Risk-taking drives corporations to push ahead and make steep gains. Consequently, interconnectivity makes the perspective of risk-taking extremely complex. The changing landscape of risk is creating a global conversation about how principles for corporate governance need to evolve to respond more appropriately to the relationship with risk management.

The world’s corporations are keeping a keen eye on how large corporations are managing and responding to risk failures so they can avoid the same mistakes. They’re learning that companies tend to underestimate the cost of risk failures internally, as well as externally. In many cases, corporations are also underestimating the cost of time that managers need to address damage control.

Banks and other financial institutions have long set the standards for good corporate governance principles. While the world has much to learn from their strategies and missteps, the governance principles they’ve established don’t necessarily translate well for all types of businesses. As the conversation continues, corporations are trending toward wanting to take a broader-based approach toward corporate governance principles to suit more diverse situations.

Corporate governance principles could take on many different forms. Most likely, changes will be fluid and evolving for the foreseeable future. Despite vast changes, corporate governance principles need to be structured, integrated and balanced. Corporations will continue to look at the roles of existing reward structures and how they align with financial and non-financial risk. Recent risk failures have taught us that all corporations are vulnerable and that they need to prepare just as stringently for low chances of catastrophic risk as for higher chances of major risks.

Existing reward structures for corporate executives tend to correspond to how well they manage financial risk as it relates to internal controls and audit functions. The new standard for reward structures may include not only rewarding the success of businesses, but also rewarding managers for having a keen awareness of risk management. This means that corporations may begin reducing financial incentives, such as stock options for managers who regularly engage in excessive risk-taking.

Companies may also factor in how well managers pay attention to reputational risk in addition to financial risk, and how strategic risks manifest as operational risks.
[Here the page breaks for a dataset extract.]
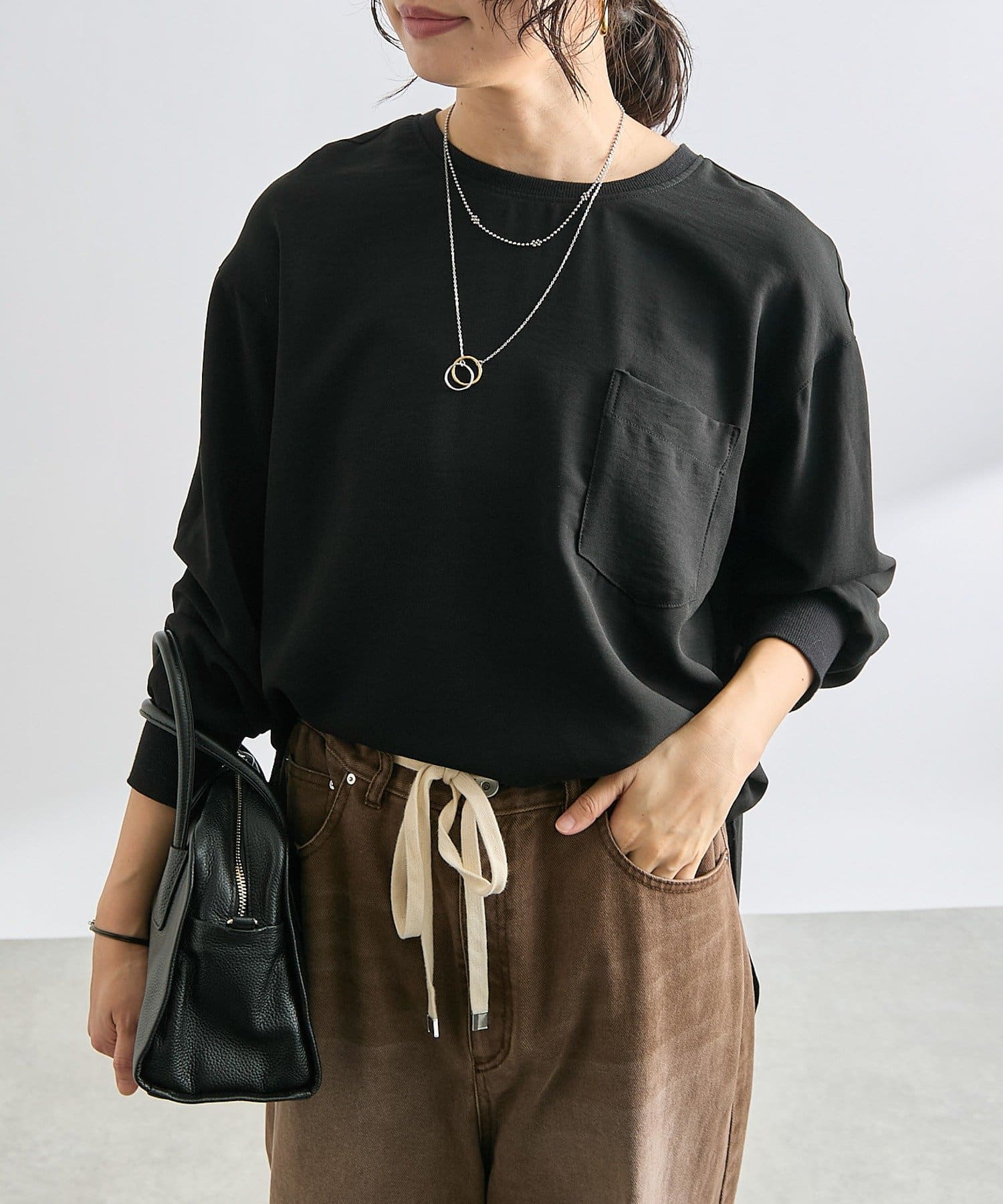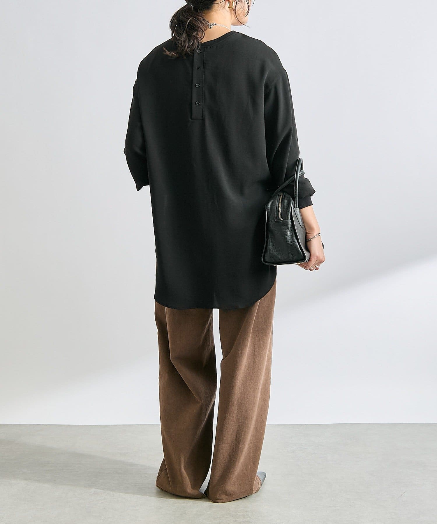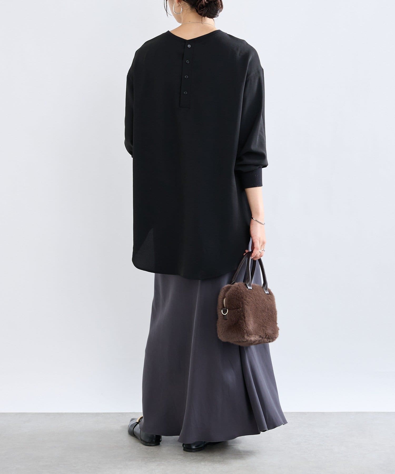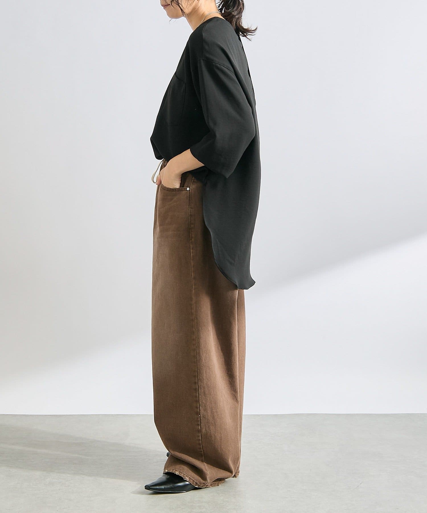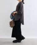 購入場所:店舗ブラウンの色が気に入って購入。ブラウスのようなサラサラした素材で品良く見える。でも首元や袖口がリブになっていてカジュアル要素もある。一番いいなと思ったのは、サイドにスリットが入っていて、前だけインするのがめちゃくちゃ簡単に叶うこと!(スリットないと、微調整大変じゃない?)そんなこんなで、平日も休日も出番が多い。色違いも欲しい!

Let’s take a closer look at what this might look like in practice.

Corporate executives are giving thought to forming guidelines as basic steps to new approaches to managing risk. Many executives are encouraging their companies to establish some common risk language that they can use throughout the company. Using commonly accepted terms for risk management will aid them as they set new standards for risk management. In turn, new standards for risk management will help them to balance qualitative and quantitative perspectives as they devise standards for measuring risk.
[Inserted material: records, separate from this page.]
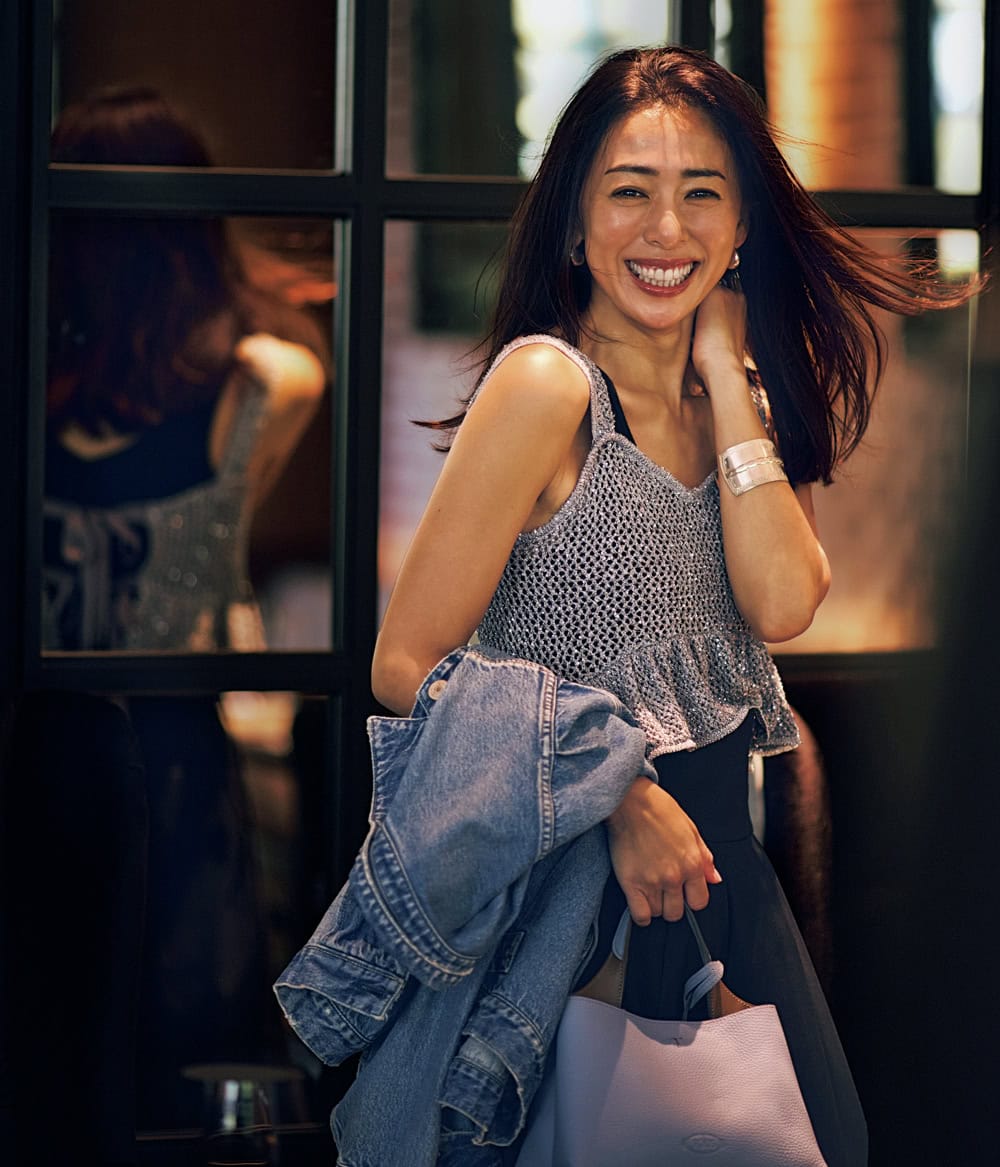 シルバーキャミソール¥14,960(FRAY I.D/FRAY I.D ルミネ新宿2店)手に持ったデニムジャケット¥49,500(ニードバイヘリテージ/ゲストリスト)タンクトップ¥13,200(ティッカ)パンツ¥24,200(メゾンスペシャル/メゾンスペシャル 青山店)バッグ¥185,900(トッズ/トッズ・ジャパン)ピアス¥24,640〈バルブス〉バングル¥29,700〈アドラル〉(ともにZUTTOHOLIC)リング¥33,000(プラウ)
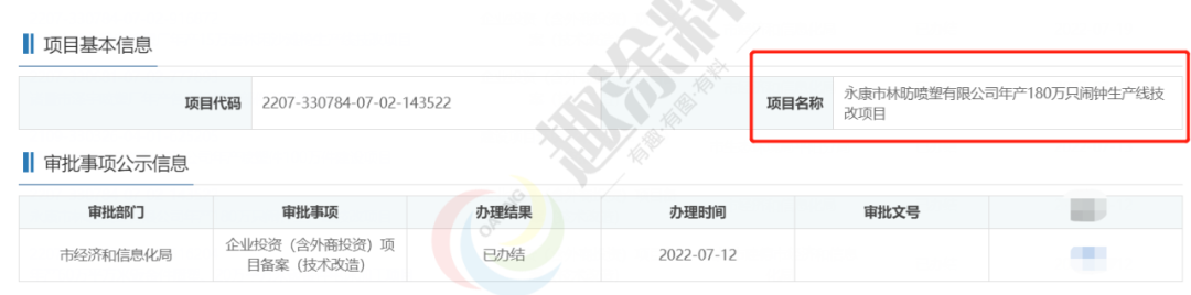 2022年7月12日,永康市林昉噴塑有限公司,年產(chǎn)180萬(wàn)只鬧鐘生產(chǎn)線技改項(xiàng)目,在市經(jīng)濟(jì)和信息化局,進(jìn)行企業(yè)投資(含外商投資)項(xiàng)目備案(技術(shù)改造)。
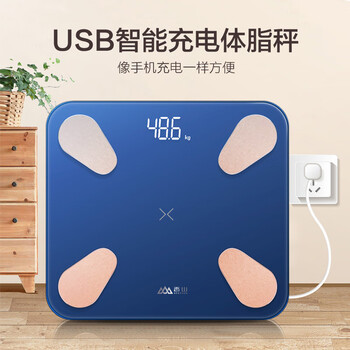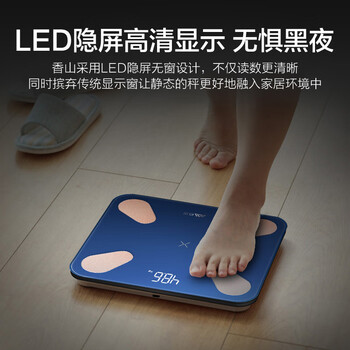 香山 体脂称 智能体重秤 双频测脂更专业 家用防撞防摔电子秤减肥 APP数据监测 F2R 湛蓝【充电款】
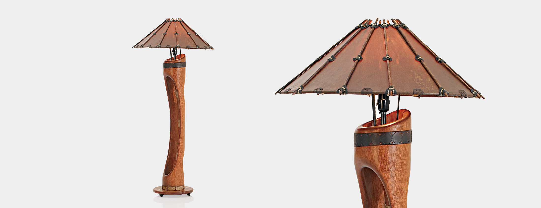 Floor lamp made from solid coconut trunk and leather. Decorated with motifs.
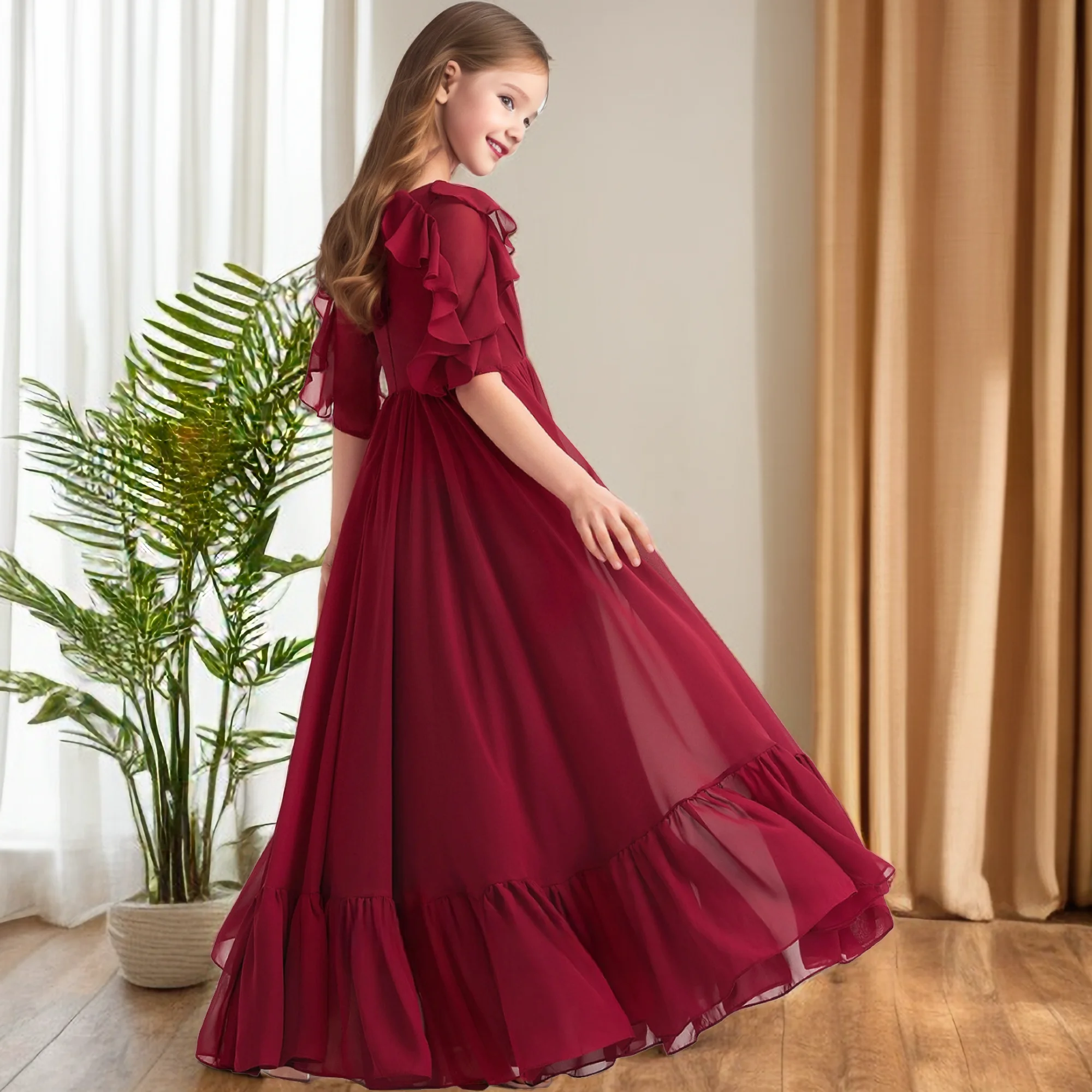 Floor-Length Chiffon For Children Wedding Pageant Graduation Birthday Party Event Ball-Gown Festivity Celebration Banquet Prom

The future of corporate governance may move toward a broader perspective of standards that are more practical and useful for all types of businesses, including banks and other financial institutions. Such issues as outsourcing and supplier-related risks are examples of risks that apply to most businesses that haven’t been addressed very much in governance in the past.

Additionally, corporate governance of the future may place a heavier emphasis on catastrophic risk even when the risk is low. Just because the probability of a catastrophic loss is low doesn’t mean a catastrophe won’t happen. Good corporate governance principles may account for standing ready to manage any potential catastrophe at any given time.